### Work instructions
Every line below is to be set down again exactly; any image stays out.

### Provided material
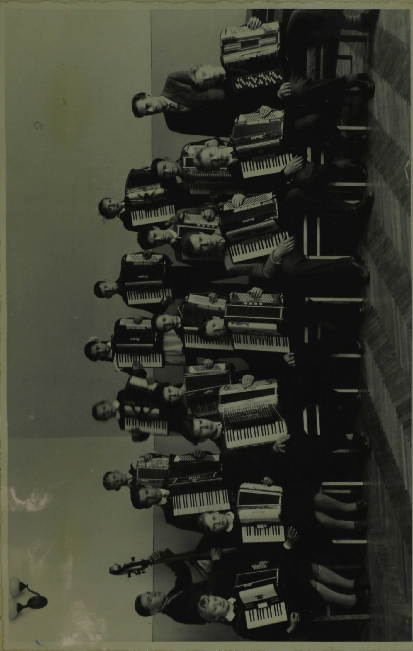
Kooli akordionistide ansambel
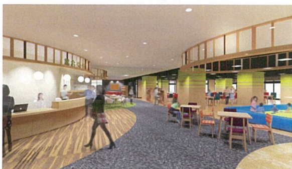
(仮称) 柏市民交流センター
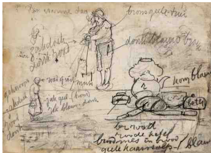
uit het schetsboek van Pierre Janssen

Op zondag 20 september om 11.15 uur houdt Christ van Eekelen in het MUBO een lezing over het werk en leven van de Boxtelse kunstschilder Pierre Janssen. Na een korte pauze leidt hij u ook rond door de lopende wisselexpositie van 60 schilderijen en 50 schetsen van Pierre Janssen. Entree: €3,50 Graag aanmelden op www.muboboxtel.nl of telefonisch op 06-16041898. De expositie duurt nog t/m 11 oktober. Het MUBO is geopend op zaterdag - zondag van 11.00 tot 17.00 uur
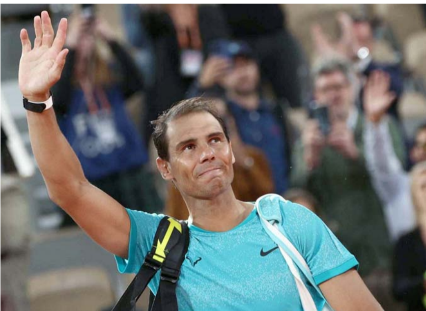
Rafael Nadal prácticamente anunció su adiós del tenis.
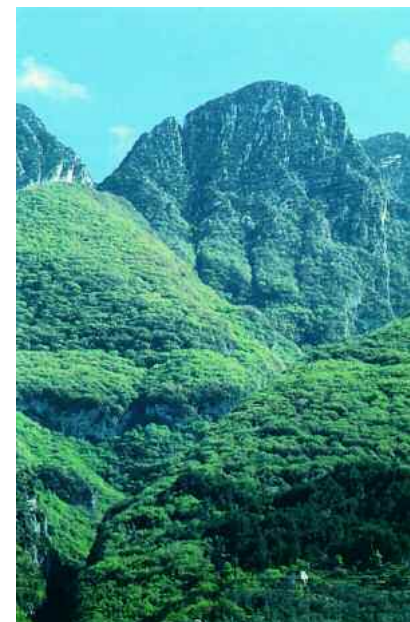
Il Monte Baldo visto dal Lago

Da qui si può anche ammirare l'abitato di Campo con l'imponente muraglione dell'antico castello ricoperto di edera e il piccolo campanile. Si sale lungo l'acciottolato e, oltrepassato un vòlto, si scorge poco più avanti la chiesetta di San Pietro in Vincoli , costruzione di epoca tardo romana, che all'interno presenta
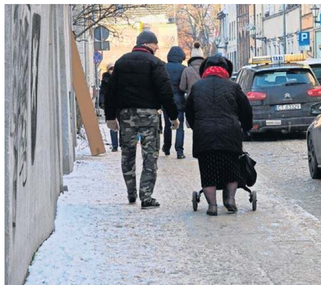
Tak wyglądały toruńskie chodniki 6 stycznia i 7 stycznia 2026 roku rano

Długa i uczęszczana codziennie przez torunian ulica Przy Kaszowniku też generalnie jest w dobrym stanie. Wiadac, że świeżo została posypana. Zasp śniegu też nigdzie nie zauważyliśmy. Podobnie było przy ul. Jagiellońskiej i Grudziądzkiej - dojeżdżając do przystanków, sklepów, insty-
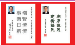
宴賀榮任六大慈善團體要職鄉彥 （2014年）
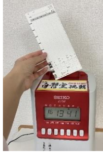
楽しく自習室を使いたい人へ タイムカードで時間を見える化！ (表彰制度もあり) 自習室チャレンジ
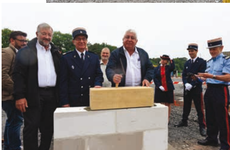
Pose de la 1 re pierre du bâtiment des douanes à la VAC le 5 juillet 2018.
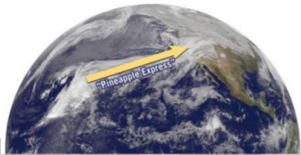
Satellite image of clouds over the Pacific Ocean illustrating the "Pineapple Express," a phenomenon in which a strong jet stream carries mT air from as far away as Hawaii to the West Coast.
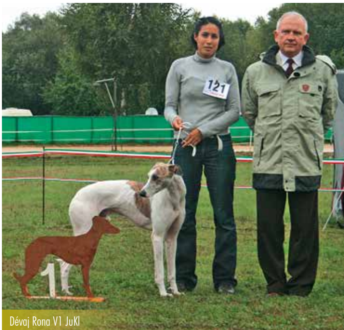
Dévaj Rona V1 JuKl
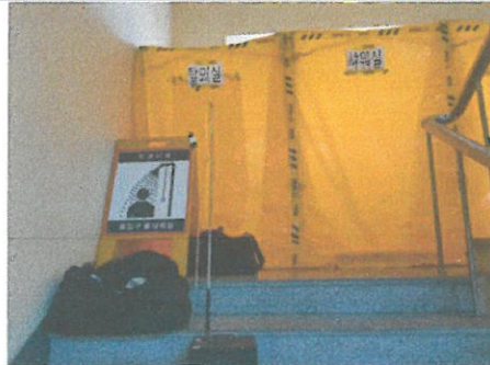
작업장 주변 비산관리를 위한 농도측정 위생설비입구
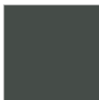
GRIS Ref. 0043145

### Output of the task
Kooli akordionistide ansambel
(仮称) 柏市民交流センター
uit het schetsboek van Pierre Janssen

Op zondag 20 september om 11.15 uur houdt Christ van Eekelen in het MUBO een lezing over het werk en leven van de Boxtelse kunstschilder Pierre Janssen. Na een korte pauze leidt hij u ook rond door de lopende wisselexpositie van 60 schilderijen en 50 schetsen van Pierre Janssen. Entree: €3,50 Graag aanmelden op www.muboboxtel.nl of telefonisch op 06-16041898. De expositie duurt nog t/m 11 oktober. Het MUBO is geopend op zaterdag - zondag van 11.00 tot 17.00 uur
Rafael Nadal prácticamente anunció su adiós del tenis.
Il Monte Baldo visto dal Lago

Da qui si può anche ammirare l'abitato di Campo con l'imponente muraglione dell'antico castello ricoperto di edera e il piccolo campanile. Si sale lungo l'acciottolato e, oltrepassato un vòlto, si scorge poco più avanti la chiesetta di San Pietro in Vincoli , costruzione di epoca tardo romana, che all'interno presenta
Tak wyglądały toruńskie chodniki 6 stycznia i 7 stycznia 2026 roku rano

Długa i uczęszczana codziennie przez torunian ulica Przy Kaszowniku też generalnie jest w dobrym stanie. Wiadac, że świeżo została posypana. Zasp śniegu też nigdzie nie zauważyliśmy. Podobnie było przy ul. Jagiellońskiej i Grudziądzkiej - dojeżdżając do przystanków, sklepów, insty-
宴賀榮任六大慈善團體要職鄉彥 （2014年）
楽しく自習室を使いたい人へ タイムカードで時間を見える化！ (表彰制度もあり) 自習室チャレンジ
Pose de la 1 re pierre du bâtiment des douanes à la VAC le 5 juillet 2018.
Satellite image of clouds over the Pacific Ocean illustrating the "Pineapple Express," a phenomenon in which a strong jet stream carries mT air from as far away as Hawaii to the West Coast.
Dévaj Rona V1 JuKl
작업장 주변 비산관리를 위한 농도측정 위생설비입구
GRIS Ref. 0043145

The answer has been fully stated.